In his four years as CEO, Chellan has, like in any business, had his challenges and rewards. “I still have unfinished business, but can say improvements and progress have been made. There is fruition in what we put together when Graham Ford was coach and the players we identified then are coming through now,” he said.

“Lance [Klusener] is doing a superb job, bringing a new mindset and energy to the squad. There is confidence at all levels that a trophy, which has been a bugbear for too long with nothing in the cabinet for many seasons, is within our grasp.

“Morné [Van Wyk] has been an astute signing, bringing exceptional leadership and tactical skills to the team, while Dale Benkenstein [batting] and Christo Spies [mental] round off a polished set up.”

Chellan is on a five-year term as CEO and his contract is up for renewal soon. “My time is not done. There are matters I need to take care of,” he said.

“Firstly, we need to win a trophy or two and our vision is to qualify for and win the Champions League. We have a rich pipeline of massively talented U19 players, probably the best in the country, and seeing these guys come through creates a strong platform of back-up and depth within the teams.”

The development programme is also close to Chellan’s heart. “I am proud of the growth in African cricket. We have about 4 000 playing out of the townships every week and 14 have bursaries to the top cricket schools in the province,” he said. “Another eight are representing the KZN Schools’ sides from U13 to U19 level. My dream, and we have begun working on it with the eThekwini Municipality, is to have a top class cricket stadium in Kwa-Mashu. That will be my legacy.”

One area of concern is getting people back to watch cricket. Currently in the domestic one-day competition, the Dolphins are riding high, undefeated and top of the table. This should generate big interest, but Chellan has his own views on getting bums on seats.

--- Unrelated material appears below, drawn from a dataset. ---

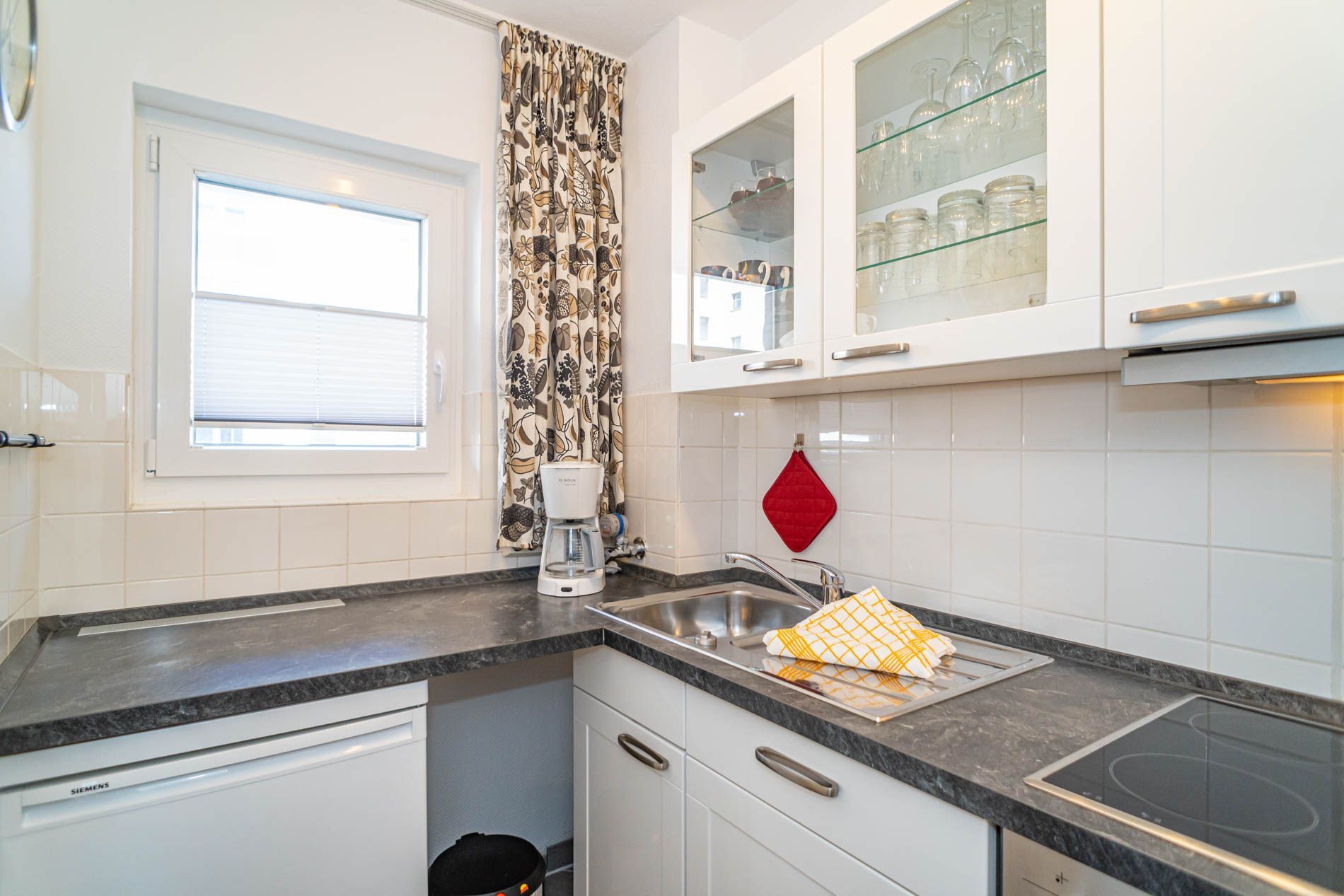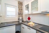 Moderne Einbauküche mit Geschirrspüler, Backofen, Ceranfeld und Kühlschrank mit 3-Sterne-Gefrierfach.

“People like to see the international players out there for their franchises. The T20 competition next year should allow these players on the park and that brings spectators,” he said. “As a parting shot though, there should be a roof over Kingsmead so we can at least play cricket at this time of the year.”

Chellan lifestyle

Enjoys rugby at all level — Sharks, club and schoolboy

Plays golf off a 12 handicap

Reads a lot — cricket books, John Grisham, legal stuff

Doesn’t cook but is a lamb chop master when braaing

Favourite meal is a medium-rare steak

Goes to movies but what he watches depends whether he goes with his wife or daughter

Played the piano and flute at school

Likes R&B music.

Advice to youngsters

Opportunities are there and dreams can be reached. It takes hard work and discipline to succeed as competition is tough. Whoever has the mental strength will adapt and be a leader.

Funniest moment on a cricket field

Playing for Pirates against Toti in a club match. Alan Norton, the deputy head at DHS, bowled gentle away swingers and had taken a wicket when one Lance Klusener arrives at the wicket. (Klusener was in the Natal side and was on the fringe of the SA side).

He played and missed at the first few balls from Alan, then had a slog and was caught.

Alan retorted: “If you bat like that, you will never play for South Africa.” Later, as the players came off the field, the SA team was announced and Klusener was selected. Alan’s punishment, which he took well, was a long night in the bar.